• _Records supplied_:
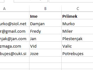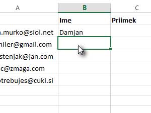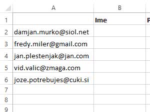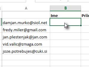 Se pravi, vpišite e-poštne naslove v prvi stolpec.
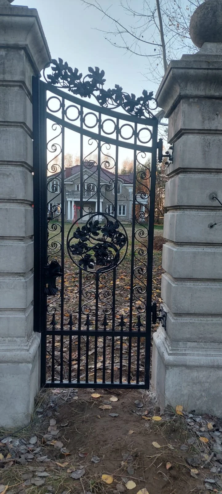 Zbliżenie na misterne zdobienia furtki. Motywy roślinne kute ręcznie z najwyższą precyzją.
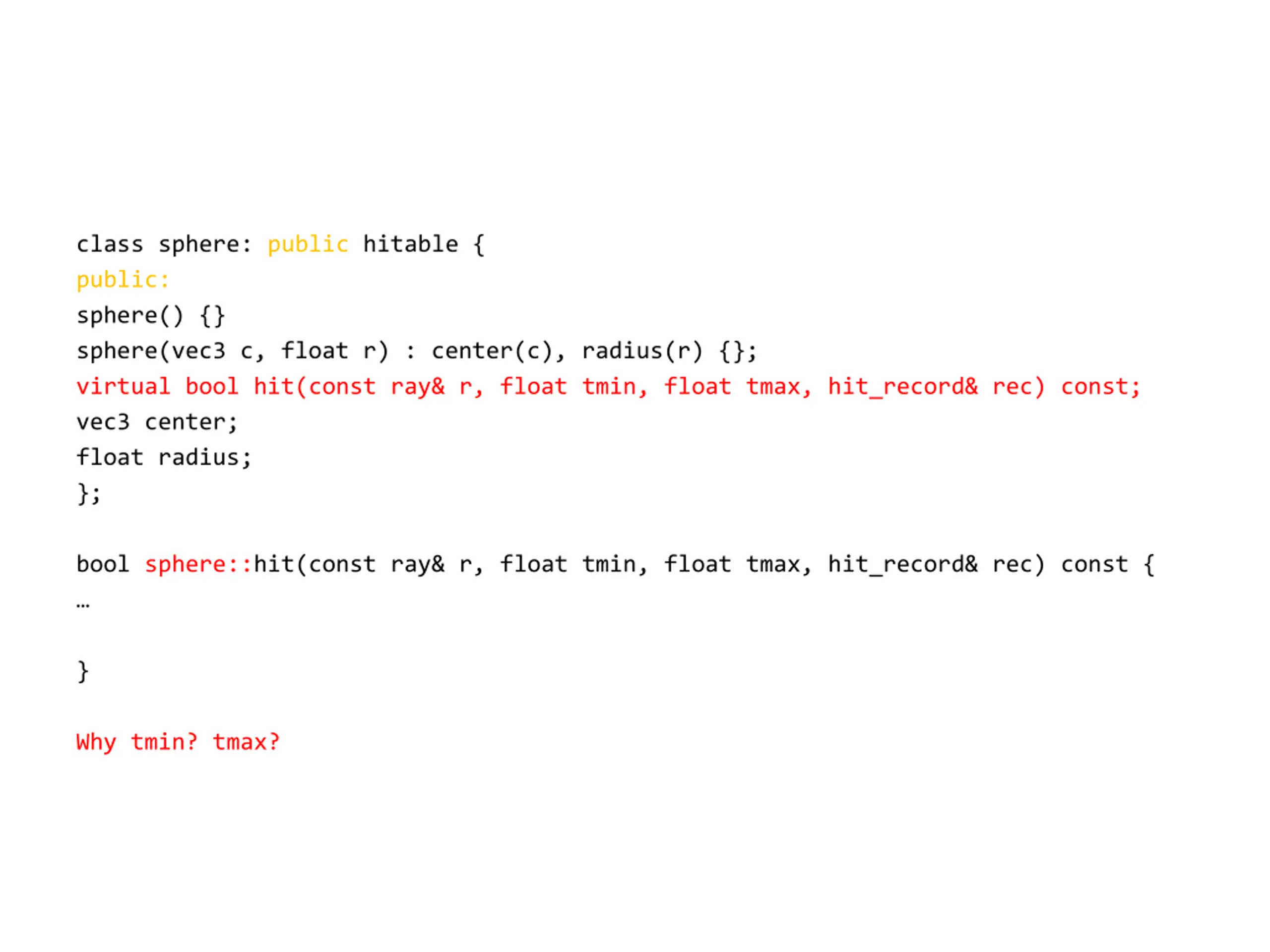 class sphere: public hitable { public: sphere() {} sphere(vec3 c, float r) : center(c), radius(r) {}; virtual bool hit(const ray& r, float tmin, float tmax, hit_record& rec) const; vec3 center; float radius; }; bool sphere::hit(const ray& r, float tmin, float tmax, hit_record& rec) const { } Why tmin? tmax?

---

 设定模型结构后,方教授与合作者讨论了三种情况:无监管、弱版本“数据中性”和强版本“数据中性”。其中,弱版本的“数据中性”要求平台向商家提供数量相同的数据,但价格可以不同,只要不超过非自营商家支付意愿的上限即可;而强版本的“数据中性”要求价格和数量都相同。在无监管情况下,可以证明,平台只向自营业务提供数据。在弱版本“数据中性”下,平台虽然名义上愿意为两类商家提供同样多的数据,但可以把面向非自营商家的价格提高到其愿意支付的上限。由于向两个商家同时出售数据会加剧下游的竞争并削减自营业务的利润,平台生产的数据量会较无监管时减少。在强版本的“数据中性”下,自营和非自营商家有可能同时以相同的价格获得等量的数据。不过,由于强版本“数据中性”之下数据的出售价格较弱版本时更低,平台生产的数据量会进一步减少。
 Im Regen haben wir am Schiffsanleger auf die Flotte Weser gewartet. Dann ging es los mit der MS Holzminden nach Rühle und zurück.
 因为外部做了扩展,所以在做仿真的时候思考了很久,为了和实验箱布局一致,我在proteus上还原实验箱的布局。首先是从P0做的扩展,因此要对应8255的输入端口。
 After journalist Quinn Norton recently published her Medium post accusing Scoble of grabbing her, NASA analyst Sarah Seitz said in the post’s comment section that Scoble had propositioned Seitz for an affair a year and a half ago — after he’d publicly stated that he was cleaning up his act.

• _Problem description_: Above are the entries. Quote exactly the lines from the one bearing "因为外部做了扩展,所以在做仿" through the one bearing "After journalist Quinn".

• _Response area_:
 因为外部做了扩展,所以在做仿真的时候思考了很久,为了和实验箱布局一致,我在proteus上还原实验箱的布局。首先是从P0做的扩展,因此要对应8255的输入端口。
 After journalist Quinn Norton recently published her Medium post accusing Scoble of grabbing her, NASA analyst Sarah Seitz said in the post’s comment section that Scoble had propositioned Seitz for an affair a year and a half ago — after he’d publicly stated that he was cleaning up his act.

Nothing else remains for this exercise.